• [To do]: Exactly as written, set down each line of the data below except its pictures.

Records excerpted from a collection:
▼

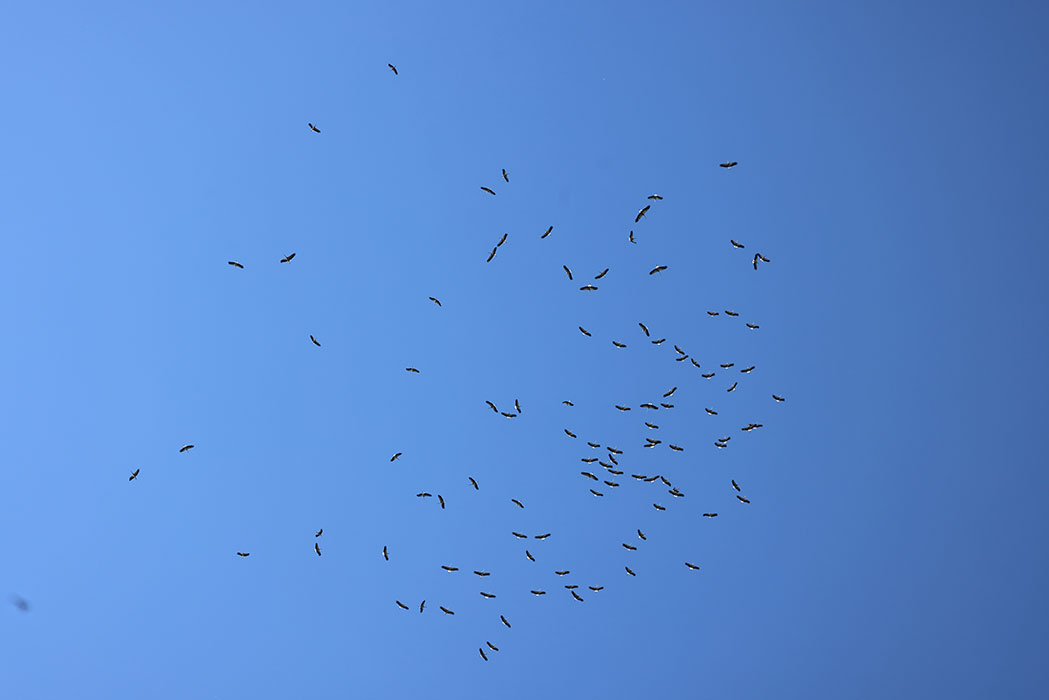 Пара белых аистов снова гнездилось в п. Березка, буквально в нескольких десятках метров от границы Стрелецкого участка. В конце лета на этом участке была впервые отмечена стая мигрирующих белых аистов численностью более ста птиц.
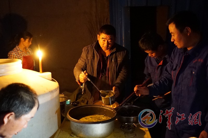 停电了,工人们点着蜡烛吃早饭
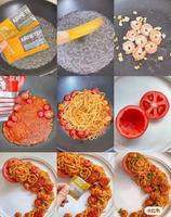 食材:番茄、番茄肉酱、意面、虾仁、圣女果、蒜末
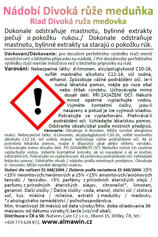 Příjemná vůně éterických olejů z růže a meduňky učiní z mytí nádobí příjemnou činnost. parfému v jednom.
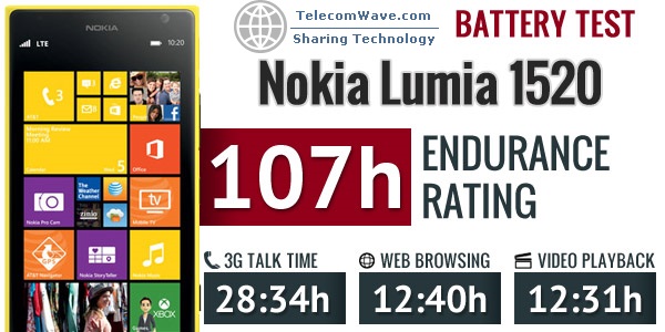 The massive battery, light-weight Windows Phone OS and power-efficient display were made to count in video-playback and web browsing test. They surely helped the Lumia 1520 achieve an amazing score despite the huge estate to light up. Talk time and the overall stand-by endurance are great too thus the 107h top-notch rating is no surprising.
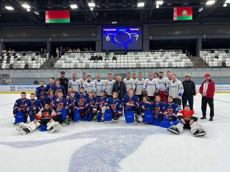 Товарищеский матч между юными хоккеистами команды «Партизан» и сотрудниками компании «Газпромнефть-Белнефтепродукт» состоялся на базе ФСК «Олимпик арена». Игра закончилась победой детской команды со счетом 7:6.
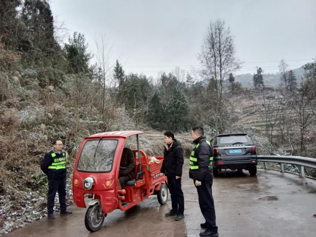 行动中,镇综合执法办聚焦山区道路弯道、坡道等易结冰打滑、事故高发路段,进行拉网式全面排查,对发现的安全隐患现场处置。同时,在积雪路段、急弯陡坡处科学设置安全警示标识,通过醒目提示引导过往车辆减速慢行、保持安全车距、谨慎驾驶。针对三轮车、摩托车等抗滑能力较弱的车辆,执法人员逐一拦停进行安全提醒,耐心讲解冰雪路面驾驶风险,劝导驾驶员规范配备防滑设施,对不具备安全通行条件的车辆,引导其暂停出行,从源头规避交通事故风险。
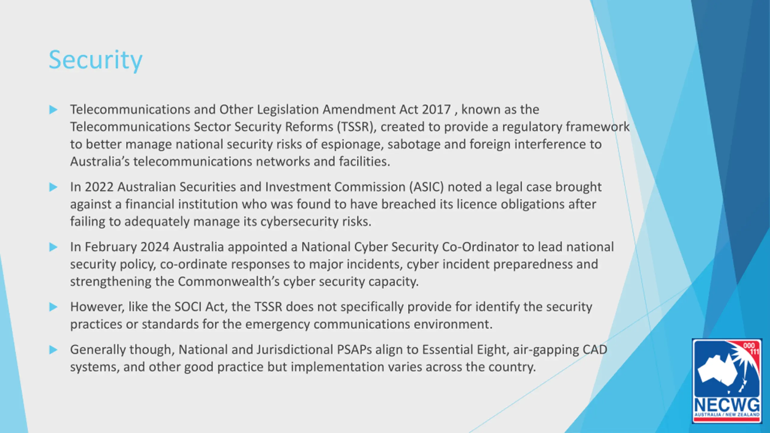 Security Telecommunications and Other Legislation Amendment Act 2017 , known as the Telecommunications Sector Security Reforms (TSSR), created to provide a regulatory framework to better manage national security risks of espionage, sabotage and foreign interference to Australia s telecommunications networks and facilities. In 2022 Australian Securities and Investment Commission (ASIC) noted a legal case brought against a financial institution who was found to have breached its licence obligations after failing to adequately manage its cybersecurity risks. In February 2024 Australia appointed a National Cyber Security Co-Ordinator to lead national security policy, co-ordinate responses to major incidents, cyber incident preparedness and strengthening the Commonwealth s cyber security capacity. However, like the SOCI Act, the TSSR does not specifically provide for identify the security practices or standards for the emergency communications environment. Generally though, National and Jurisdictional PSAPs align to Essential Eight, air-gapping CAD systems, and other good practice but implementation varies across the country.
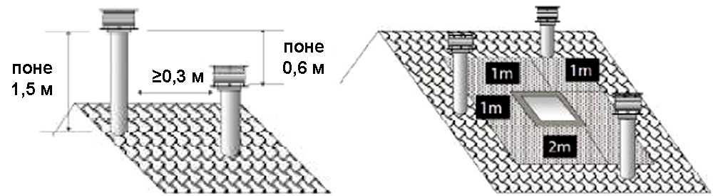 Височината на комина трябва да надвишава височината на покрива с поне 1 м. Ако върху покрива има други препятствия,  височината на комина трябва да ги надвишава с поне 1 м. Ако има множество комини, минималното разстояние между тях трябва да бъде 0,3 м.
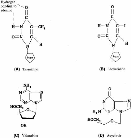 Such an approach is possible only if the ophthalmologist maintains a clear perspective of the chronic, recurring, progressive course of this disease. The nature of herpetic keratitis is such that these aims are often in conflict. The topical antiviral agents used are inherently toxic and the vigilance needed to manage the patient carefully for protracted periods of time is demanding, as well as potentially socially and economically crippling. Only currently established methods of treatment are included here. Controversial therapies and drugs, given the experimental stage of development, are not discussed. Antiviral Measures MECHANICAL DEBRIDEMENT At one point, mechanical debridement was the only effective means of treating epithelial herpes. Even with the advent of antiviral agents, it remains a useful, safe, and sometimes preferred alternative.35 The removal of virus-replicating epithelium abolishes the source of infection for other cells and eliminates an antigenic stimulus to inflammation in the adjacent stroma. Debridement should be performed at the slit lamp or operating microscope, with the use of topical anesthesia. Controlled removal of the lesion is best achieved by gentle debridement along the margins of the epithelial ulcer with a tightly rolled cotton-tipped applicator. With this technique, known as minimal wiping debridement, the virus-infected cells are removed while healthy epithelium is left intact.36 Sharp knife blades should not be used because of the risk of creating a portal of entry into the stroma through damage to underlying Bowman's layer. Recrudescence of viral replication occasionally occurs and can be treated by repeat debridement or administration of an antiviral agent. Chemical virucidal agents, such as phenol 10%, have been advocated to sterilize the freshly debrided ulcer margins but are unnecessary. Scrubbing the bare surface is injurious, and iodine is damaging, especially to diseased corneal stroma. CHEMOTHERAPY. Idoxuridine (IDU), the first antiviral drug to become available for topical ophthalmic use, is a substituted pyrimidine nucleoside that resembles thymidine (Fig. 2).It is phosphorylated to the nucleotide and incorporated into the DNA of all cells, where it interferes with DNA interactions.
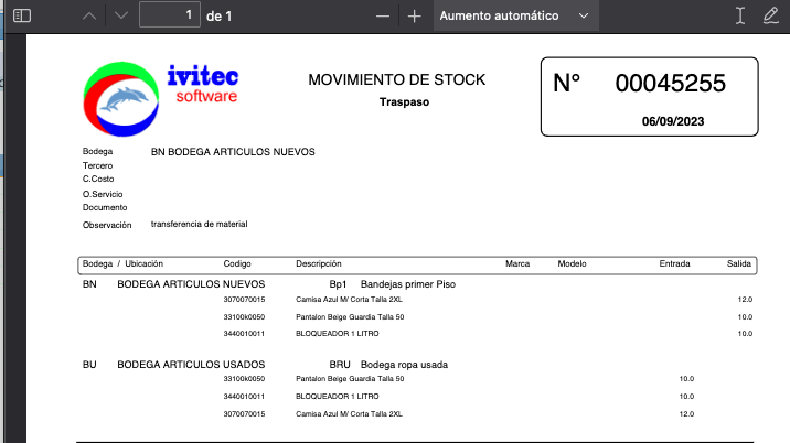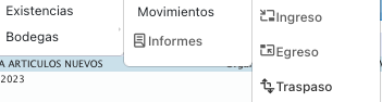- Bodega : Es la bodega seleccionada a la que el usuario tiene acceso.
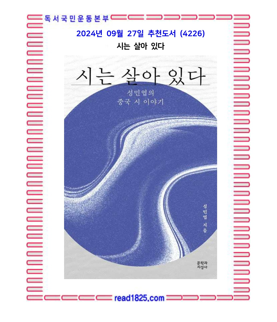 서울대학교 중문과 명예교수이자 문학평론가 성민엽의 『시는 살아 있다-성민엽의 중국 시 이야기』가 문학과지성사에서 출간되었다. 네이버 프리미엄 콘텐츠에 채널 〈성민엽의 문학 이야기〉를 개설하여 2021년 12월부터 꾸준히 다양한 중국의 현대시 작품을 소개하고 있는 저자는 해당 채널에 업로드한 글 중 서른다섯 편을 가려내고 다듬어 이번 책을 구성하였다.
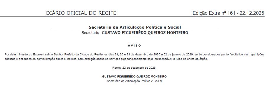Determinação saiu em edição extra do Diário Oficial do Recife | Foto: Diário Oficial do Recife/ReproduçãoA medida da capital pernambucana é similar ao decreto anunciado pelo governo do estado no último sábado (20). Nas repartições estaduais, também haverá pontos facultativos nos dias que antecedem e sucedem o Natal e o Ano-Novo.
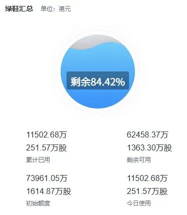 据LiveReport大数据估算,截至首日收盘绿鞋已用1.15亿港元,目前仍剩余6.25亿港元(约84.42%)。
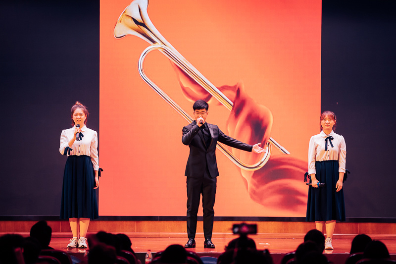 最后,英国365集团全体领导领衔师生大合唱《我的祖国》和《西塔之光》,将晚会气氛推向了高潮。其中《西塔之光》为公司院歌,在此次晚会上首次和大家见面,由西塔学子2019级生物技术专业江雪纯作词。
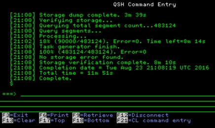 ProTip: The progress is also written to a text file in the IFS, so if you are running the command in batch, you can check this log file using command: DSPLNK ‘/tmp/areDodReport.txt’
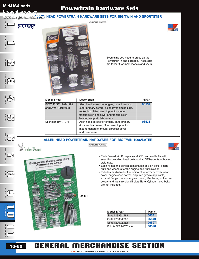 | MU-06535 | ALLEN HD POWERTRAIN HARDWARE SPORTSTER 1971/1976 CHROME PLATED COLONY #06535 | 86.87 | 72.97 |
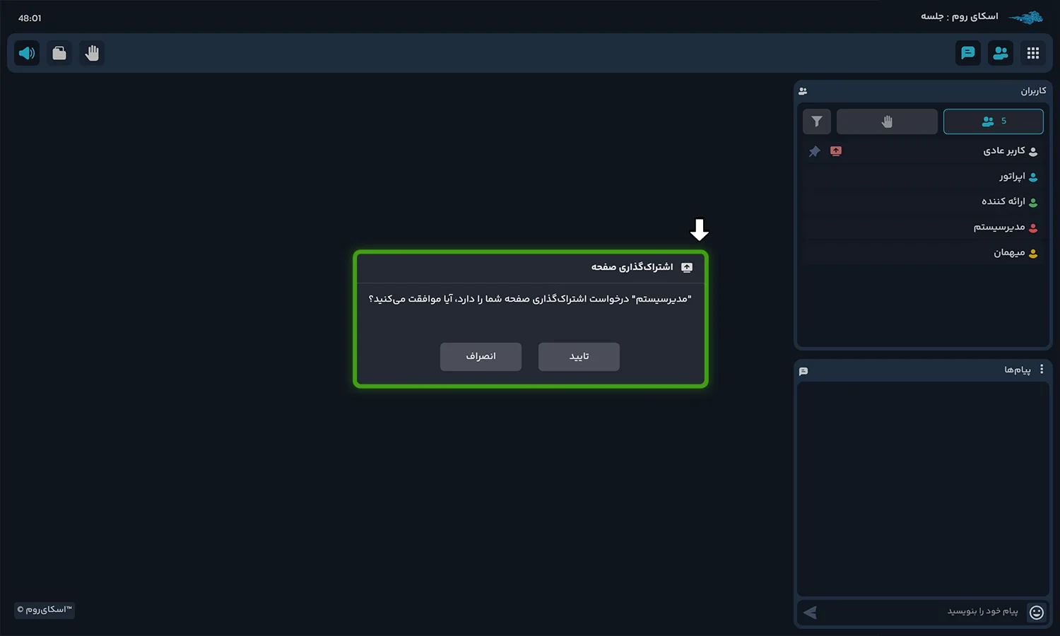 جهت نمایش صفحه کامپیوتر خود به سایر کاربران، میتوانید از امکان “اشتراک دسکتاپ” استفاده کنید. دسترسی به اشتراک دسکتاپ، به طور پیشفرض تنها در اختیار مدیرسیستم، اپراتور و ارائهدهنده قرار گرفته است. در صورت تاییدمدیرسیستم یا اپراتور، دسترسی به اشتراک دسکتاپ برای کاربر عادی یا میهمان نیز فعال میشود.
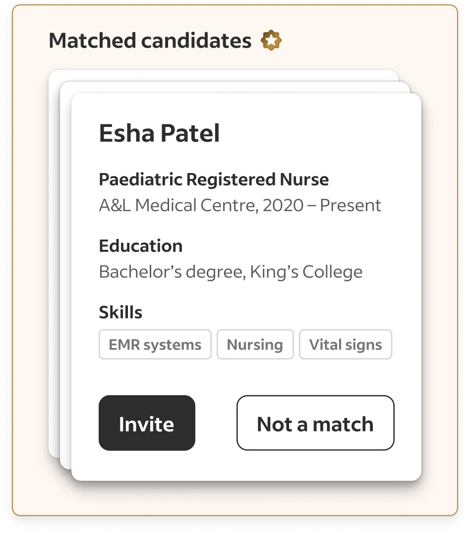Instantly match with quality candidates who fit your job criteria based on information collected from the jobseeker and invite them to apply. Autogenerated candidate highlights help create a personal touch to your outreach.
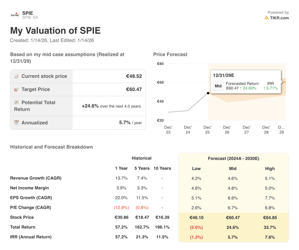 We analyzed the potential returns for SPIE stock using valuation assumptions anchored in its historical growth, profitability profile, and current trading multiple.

▲

• [Answer area]:
 Пара белых аистов снова гнездилось в п. Березка, буквально в нескольких десятках метров от границы Стрелецкого участка. В конце лета на этом участке была впервые отмечена стая мигрирующих белых аистов численностью более ста птиц.
 停电了,工人们点着蜡烛吃早饭
 食材:番茄、番茄肉酱、意面、虾仁、圣女果、蒜末
 Příjemná vůně éterických olejů z růže a meduňky učiní z mytí nádobí příjemnou činnost. parfému v jednom.
 The massive battery, light-weight Windows Phone OS and power-efficient display were made to count in video-playback and web browsing test. They surely helped the Lumia 1520 achieve an amazing score despite the huge estate to light up. Talk time and the overall stand-by endurance are great too thus the 107h top-notch rating is no surprising.
 Товарищеский матч между юными хоккеистами команды «Партизан» и сотрудниками компании «Газпромнефть-Белнефтепродукт» состоялся на базе ФСК «Олимпик арена». Игра закончилась победой детской команды со счетом 7:6.
 行动中,镇综合执法办聚焦山区道路弯道、坡道等易结冰打滑、事故高发路段,进行拉网式全面排查,对发现的安全隐患现场处置。同时,在积雪路段、急弯陡坡处科学设置安全警示标识,通过醒目提示引导过往车辆减速慢行、保持安全车距、谨慎驾驶。针对三轮车、摩托车等抗滑能力较弱的车辆,执法人员逐一拦停进行安全提醒,耐心讲解冰雪路面驾驶风险,劝导驾驶员规范配备防滑设施,对不具备安全通行条件的车辆,引导其暂停出行,从源头规避交通事故风险。
 Security Telecommunications and Other Legislation Amendment Act 2017 , known as the Telecommunications Sector Security Reforms (TSSR), created to provide a regulatory framework to better manage national security risks of espionage, sabotage and foreign interference to Australia s telecommunications networks and facilities. In 2022 Australian Securities and Investment Commission (ASIC) noted a legal case brought against a financial institution who was found to have breached its licence obligations after failing to adequately manage its cybersecurity risks. In February 2024 Australia appointed a National Cyber Security Co-Ordinator to lead national security policy, co-ordinate responses to major incidents, cyber incident preparedness and strengthening the Commonwealth s cyber security capacity. However, like the SOCI Act, the TSSR does not specifically provide for identify the security practices or standards for the emergency communications environment. Generally though, National and Jurisdictional PSAPs align to Essential Eight, air-gapping CAD systems, and other good practice but implementation varies across the country.
 Височината на комина трябва да надвишава височината на покрива с поне 1 м. Ако върху покрива има други препятствия,  височината на комина трябва да ги надвишава с поне 1 м. Ако има множество комини, минималното разстояние между тях трябва да бъде 0,3 м.
 Such an approach is possible only if the ophthalmologist maintains a clear perspective of the chronic, recurring, progressive course of this disease. The nature of herpetic keratitis is such that these aims are often in conflict. The topical antiviral agents used are inherently toxic and the vigilance needed to manage the patient carefully for protracted periods of time is demanding, as well as potentially socially and economically crippling. Only currently established methods of treatment are included here. Controversial therapies and drugs, given the experimental stage of development, are not discussed. Antiviral Measures MECHANICAL DEBRIDEMENT At one point, mechanical debridement was the only effective means of treating epithelial herpes. Even with the advent of antiviral agents, it remains a useful, safe, and sometimes preferred alternative.35 The removal of virus-replicating epithelium abolishes the source of infection for other cells and eliminates an antigenic stimulus to inflammation in the adjacent stroma. Debridement should be performed at the slit lamp or operating microscope, with the use of topical anesthesia. Controlled removal of the lesion is best achieved by gentle debridement along the margins of the epithelial ulcer with a tightly rolled cotton-tipped applicator. With this technique, known as minimal wiping debridement, the virus-infected cells are removed while healthy epithelium is left intact.36 Sharp knife blades should not be used because of the risk of creating a portal of entry into the stroma through damage to underlying Bowman's layer. Recrudescence of viral replication occasionally occurs and can be treated by repeat debridement or administration of an antiviral agent. Chemical virucidal agents, such as phenol 10%, have been advocated to sterilize the freshly debrided ulcer margins but are unnecessary. Scrubbing the bare surface is injurious, and iodine is damaging, especially to diseased corneal stroma. CHEMOTHERAPY. Idoxuridine (IDU), the first antiviral drug to become available for topical ophthalmic use, is a substituted pyrimidine nucleoside that resembles thymidine (Fig. 2).It is phosphorylated to the nucleotide and incorporated into the DNA of all cells, where it interferes with DNA interactions.
- Bodega : Es la bodega seleccionada a la que el usuario tiene acceso.
 서울대학교 중문과 명예교수이자 문학평론가 성민엽의 『시는 살아 있다-성민엽의 중국 시 이야기』가 문학과지성사에서 출간되었다. 네이버 프리미엄 콘텐츠에 채널 〈성민엽의 문학 이야기〉를 개설하여 2021년 12월부터 꾸준히 다양한 중국의 현대시 작품을 소개하고 있는 저자는 해당 채널에 업로드한 글 중 서른다섯 편을 가려내고 다듬어 이번 책을 구성하였다.
Determinação saiu em edição extra do Diário Oficial do Recife | Foto: Diário Oficial do Recife/ReproduçãoA medida da capital pernambucana é similar ao decreto anunciado pelo governo do estado no último sábado (20). Nas repartições estaduais, também haverá pontos facultativos nos dias que antecedem e sucedem o Natal e o Ano-Novo.
 据LiveReport大数据估算,截至首日收盘绿鞋已用1.15亿港元,目前仍剩余6.25亿港元(约84.42%)。
 最后,英国365集团全体领导领衔师生大合唱《我的祖国》和《西塔之光》,将晚会气氛推向了高潮。其中《西塔之光》为公司院歌,在此次晚会上首次和大家见面,由西塔学子2019级生物技术专业江雪纯作词。
 ProTip: The progress is also written to a text file in the IFS, so if you are running the command in batch, you can check this log file using command: DSPLNK ‘/tmp/areDodReport.txt’
 | MU-06535 | ALLEN HD POWERTRAIN HARDWARE SPORTSTER 1971/1976 CHROME PLATED COLONY #06535 | 86.87 | 72.97 |
 جهت نمایش صفحه کامپیوتر خود به سایر کاربران، میتوانید از امکان “اشتراک دسکتاپ” استفاده کنید. دسترسی به اشتراک دسکتاپ، به طور پیشفرض تنها در اختیار مدیرسیستم، اپراتور و ارائهدهنده قرار گرفته است. در صورت تاییدمدیرسیستم یا اپراتور، دسترسی به اشتراک دسکتاپ برای کاربر عادی یا میهمان نیز فعال میشود.
Instantly match with quality candidates who fit your job criteria based on information collected from the jobseeker and invite them to apply. Autogenerated candidate highlights help create a personal touch to your outreach.
 We analyzed the potential returns for SPIE stock using valuation assumptions anchored in its historical growth, profitability profile, and current trading multiple.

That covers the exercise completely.